Valery Vasilyevich Gerasimov (; born 8 September 1955) is a Russian army general serving as the Chief of the General Staff of the Russian Armed Forces and First Deputy Minister of Defence.

He was appointed by president Vladimir Putin on 9 November 2012 replacing Nikolay Makarov, and currently serves as the commander of all Russian forces in Ukraine.

Early life and education
Gerasimov was born in Kazan, Tatar ASSR on 8 September 1955. He graduated from the Kazan Suvorov Military School (1971–1973), the Kazan Higher Tank Command School, the Malinovsky Military Armored Forces Academy (1984–1987), and the Military Academy of the General Staff of the Armed Forces of Russia (1995–1997).

Commands
After graduating from the Kazan Higher Tank Command School, Gerasimov was the commander of a Mechanized Infantry platoon, company and battalion of the Far Eastern Military District. Later he was chief of staff of a Tank regiment and then of a motorized rifle division in the Baltic Military District. From 1993 to 1995 he was the commander of the 144th Guards Motor Rifle Division in the Baltic Military District and then the North Western Group of Forces.
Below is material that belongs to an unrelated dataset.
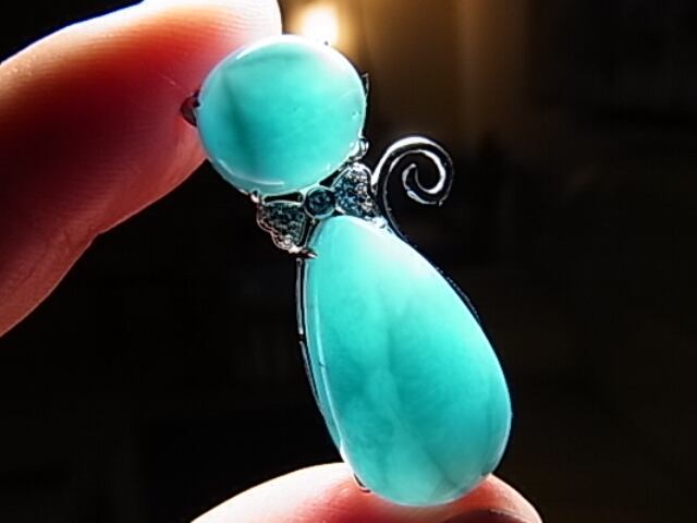 一生の宝石・宝物になりそうな、一点もののラリマー猫ペンダントです。

After he graduated from the General Staff Academy, he was the First Deputy Army Commander of the Moscow Military District. He was the commander of the 58th Army in the North Caucasus Military District during the Second Chechen War between February 2001 and March 2003. His involvement in the arrest of Yury Budanov led to praise from journalist Anna Politkovskaya.

In 2006 he became the commander of Leningrad Military District. In 2009 he moved to be the commander of Moscow Military District. In 2012 he became the commander of the Central Military District. On 23 December 2010 he became the deputy Chief of the General Staff.
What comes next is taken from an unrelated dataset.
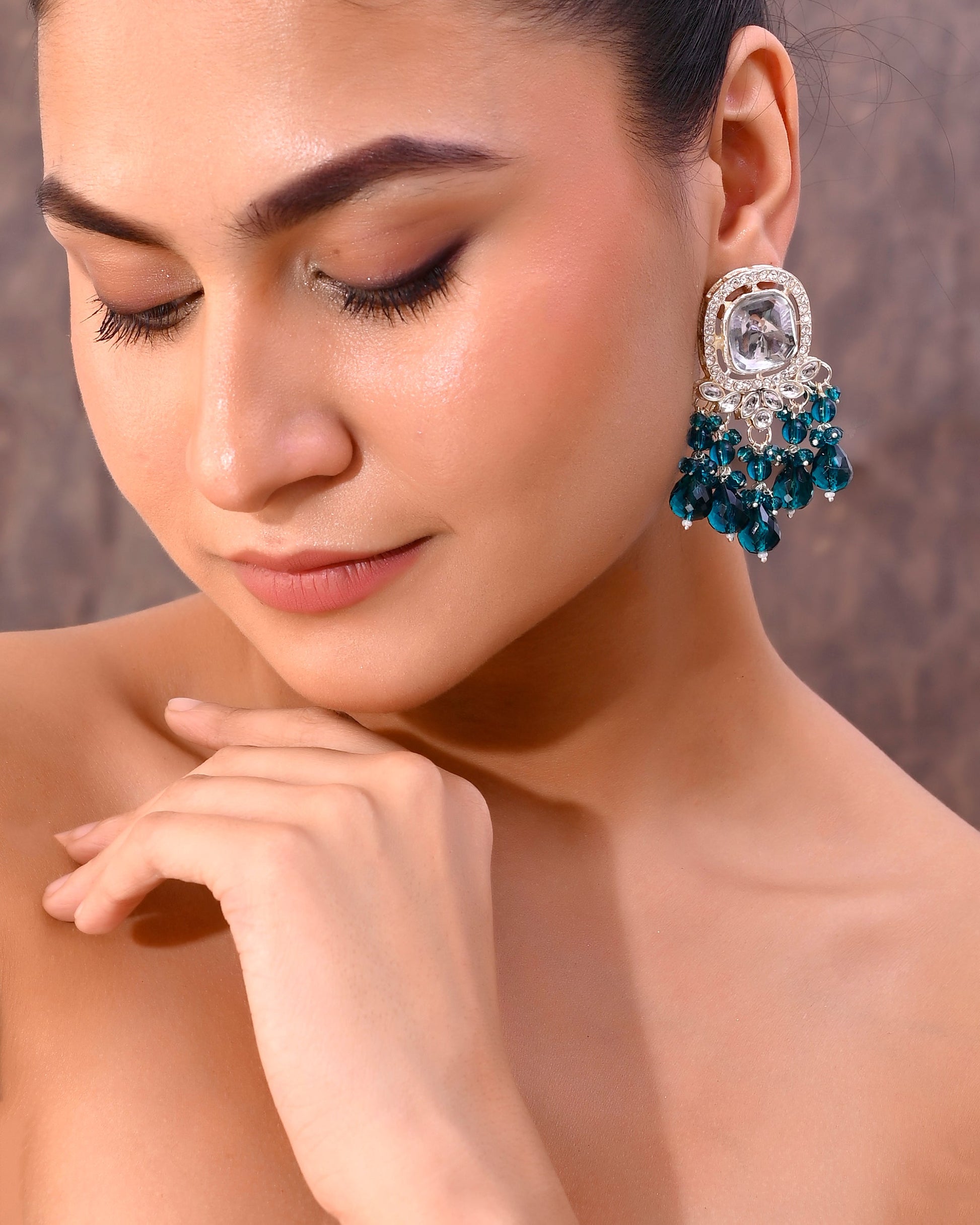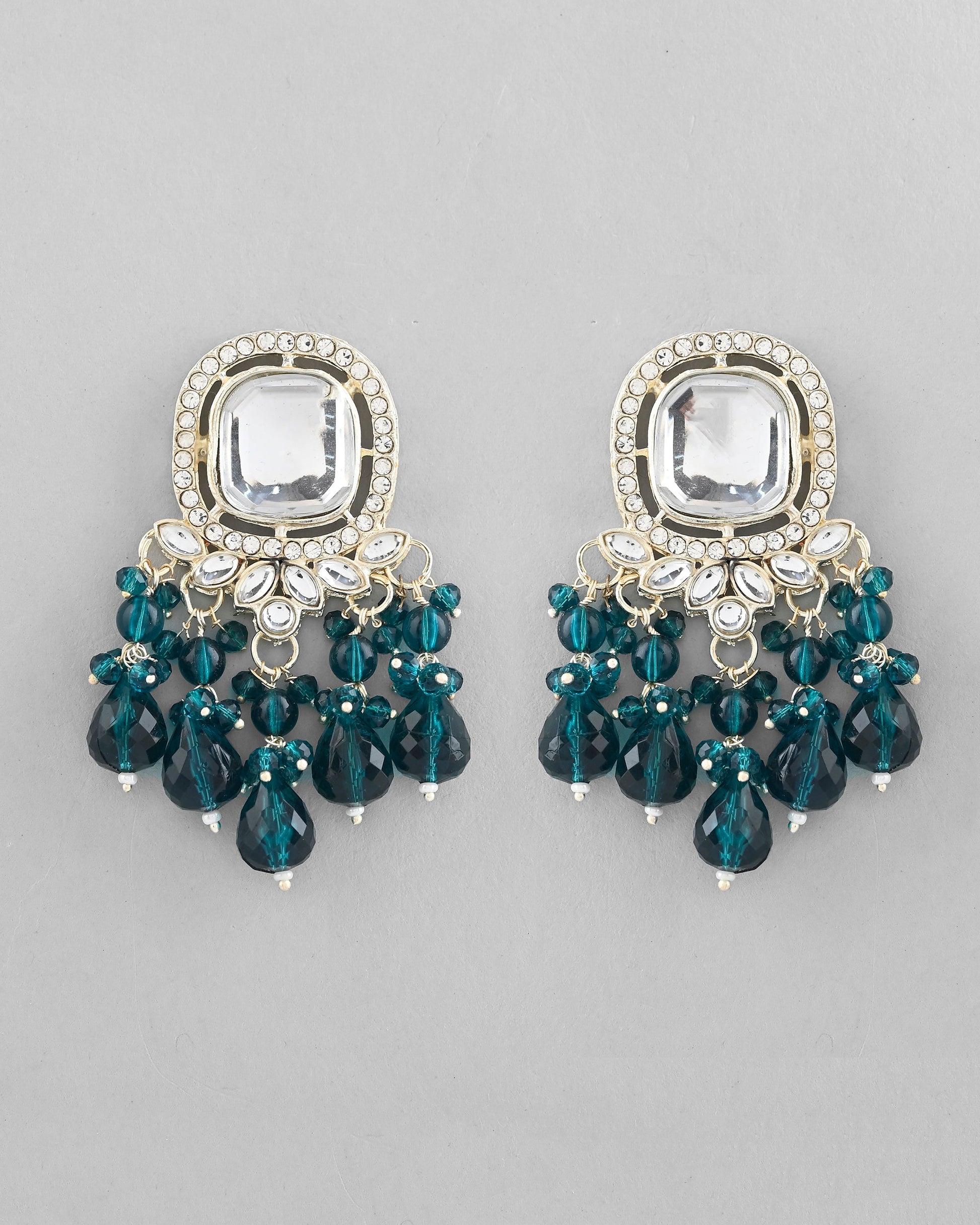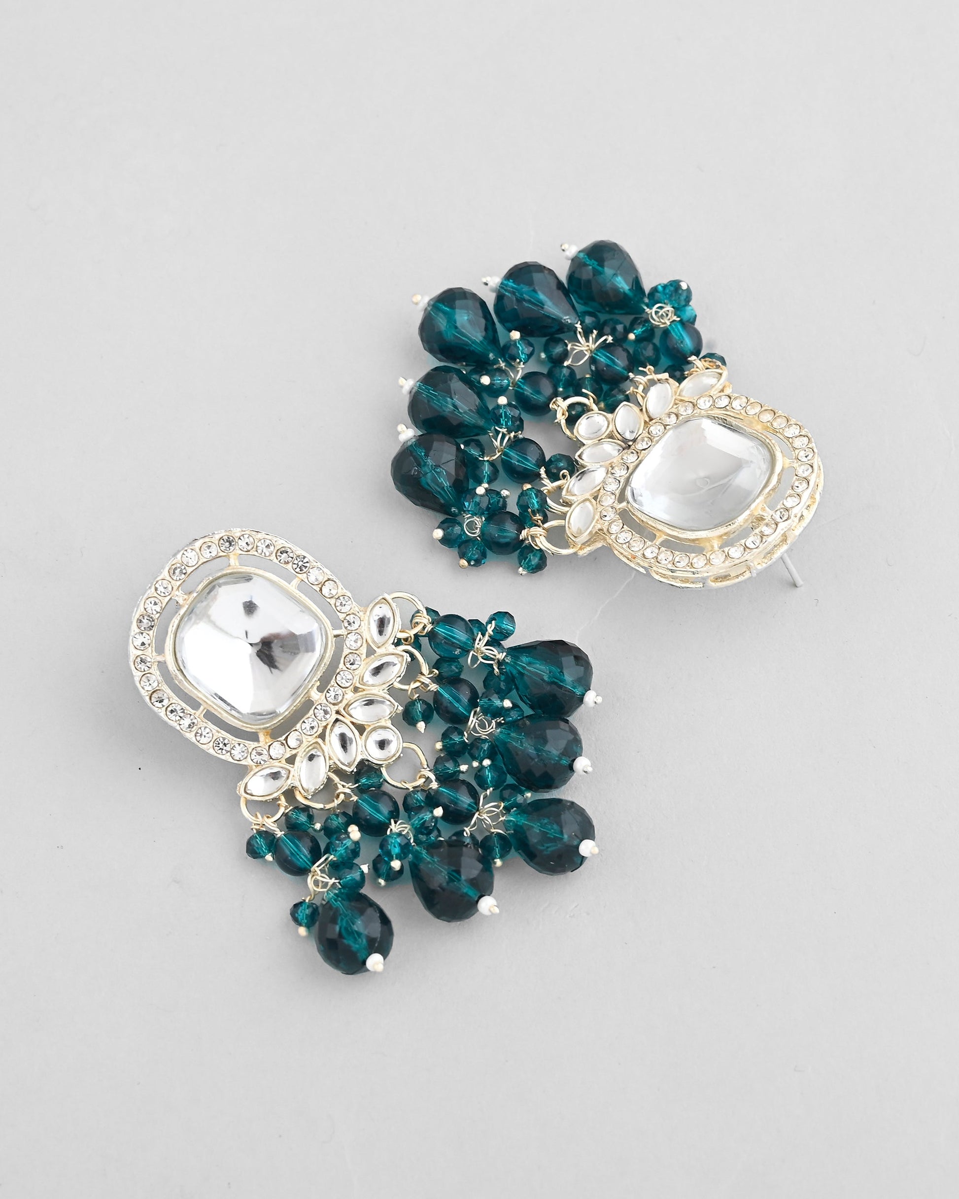 VOJ Silver Plated Kundan Earrings with Teal colour Pearls

He commanded the annual Victory Day Parade on Red Square four times from 2009 to 2012.

Chief of the General Staff
Gerasimov was alleged to have conceived the "Gerasimov doctrine" – combining military, technological, information, diplomatic, economic, cultural and other tactics for the purpose of achieving strategic goals. The author of the original paper, Mark Galeotti, claimed it was a speech which, due to translation errors, was misinterpreted in the American press as a belligerent, rather than defensive strategic proposal.
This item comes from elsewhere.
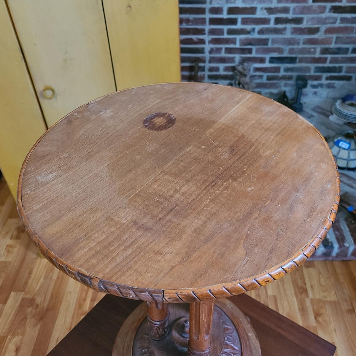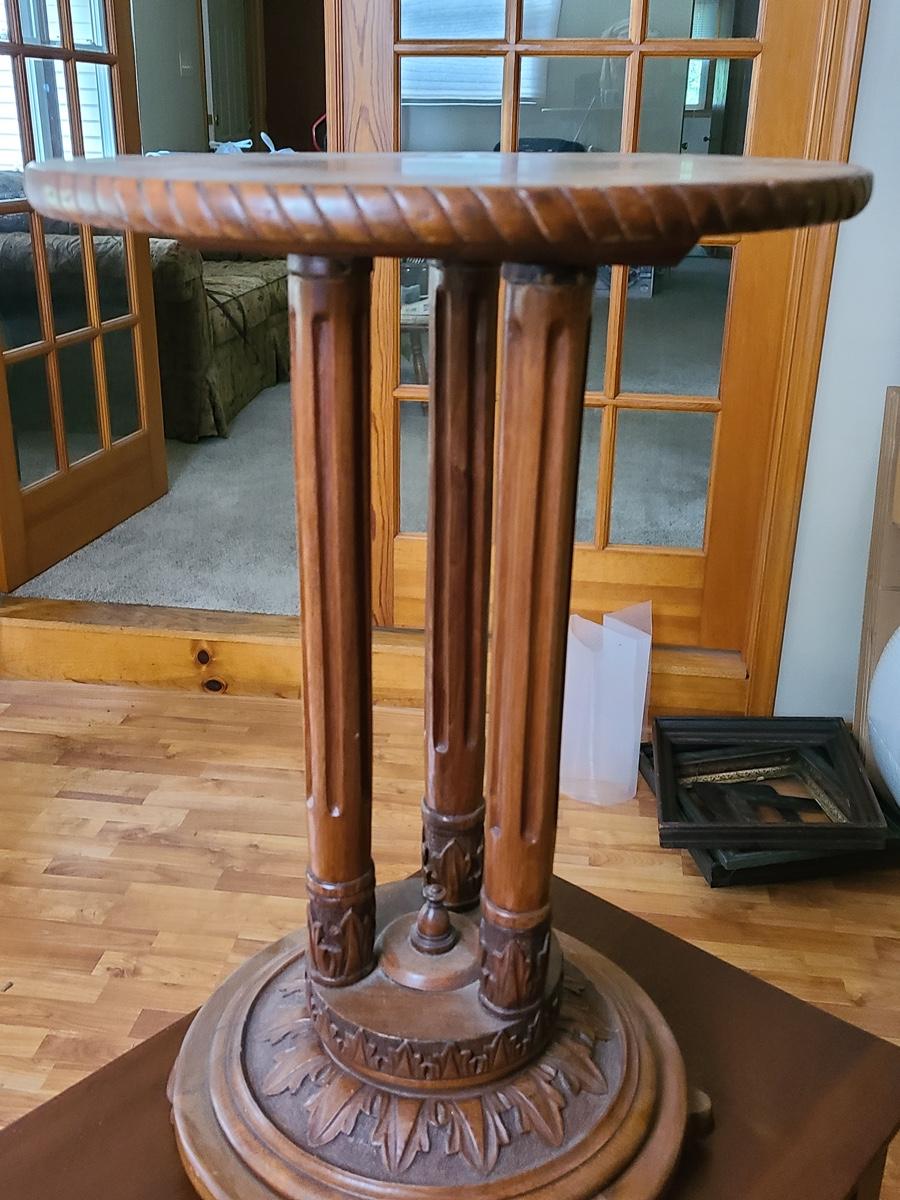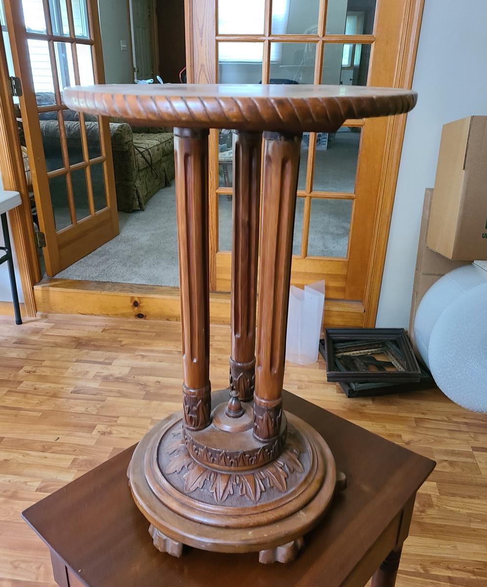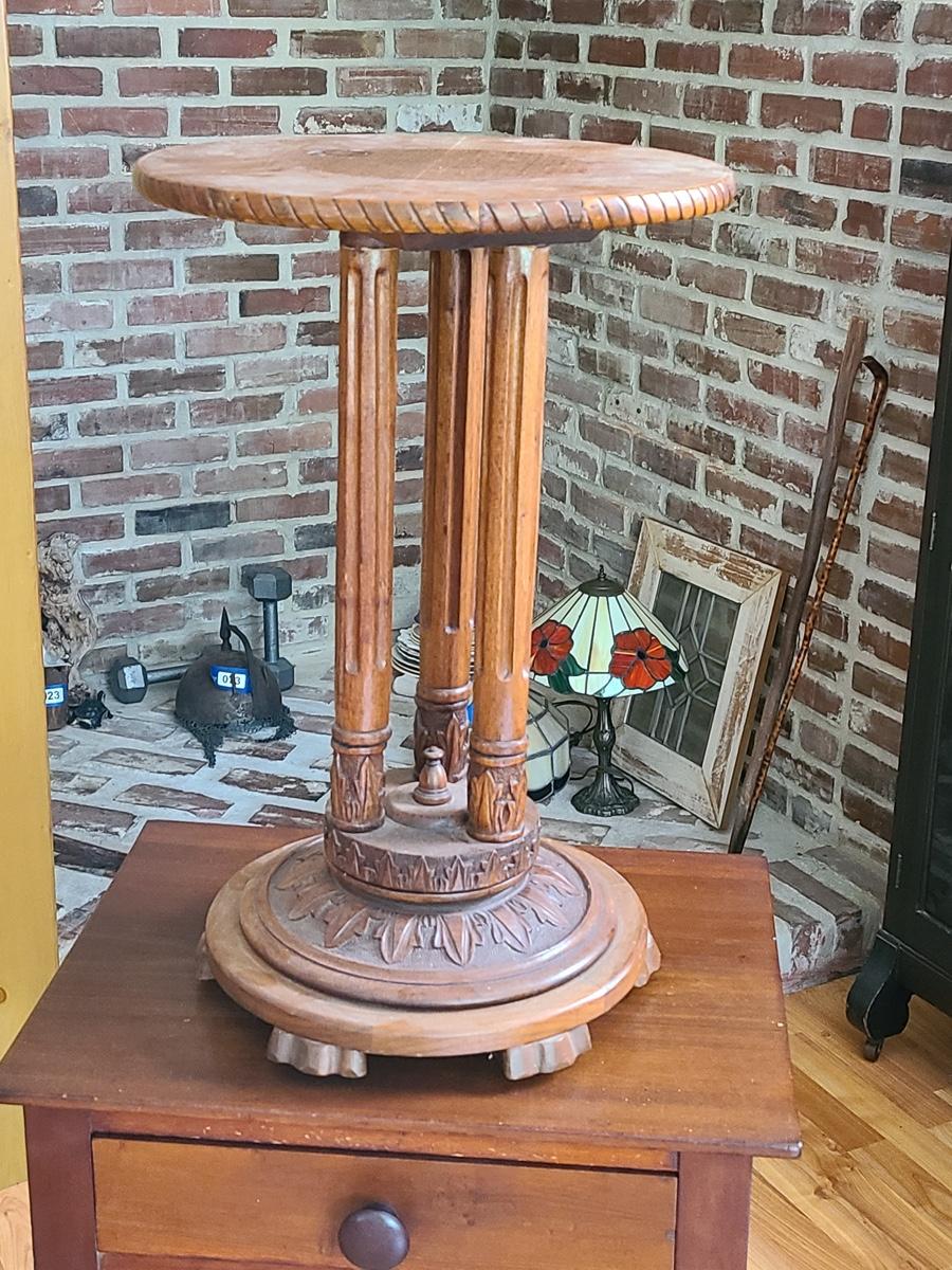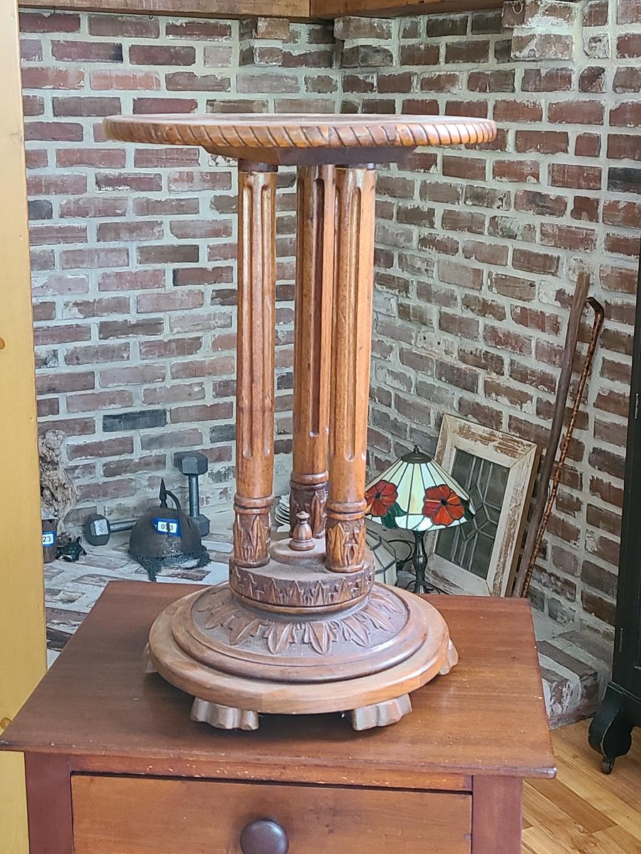 Lot 6: Christine Jensen, Antique Hand Carved Pedestal Stand/Table

Staff appointment up to Crimea (2012–2020)
Gerasimov was appointed Chief of General Staff following the dismissal of Defence Minister Anatoly Serdyukov on 6 November 2012. The previous Chief of General Staff, Army General Nikolay Makarov, was seen as close to Serduykov and was seen by commentators as likely to be replaced by new Defence Minister Sergei Shoigu. It has been reported that Makarov resigned, but he was formally dismissed by President Vladimir Putin.

Other changes were the dismissal of Alexander Sukhorukov from the position of First Deputy Defence Minister and his replacement by Colonel General Arkady Bakhin, formerly commander of the Western Military District. Aerospace Defence Forces commander Colonel General Oleg Ostapenko was also promoted to Deputy Defence Minister. He was promoted to the highest rank in the Russian Army, General of the Army, as of 2014.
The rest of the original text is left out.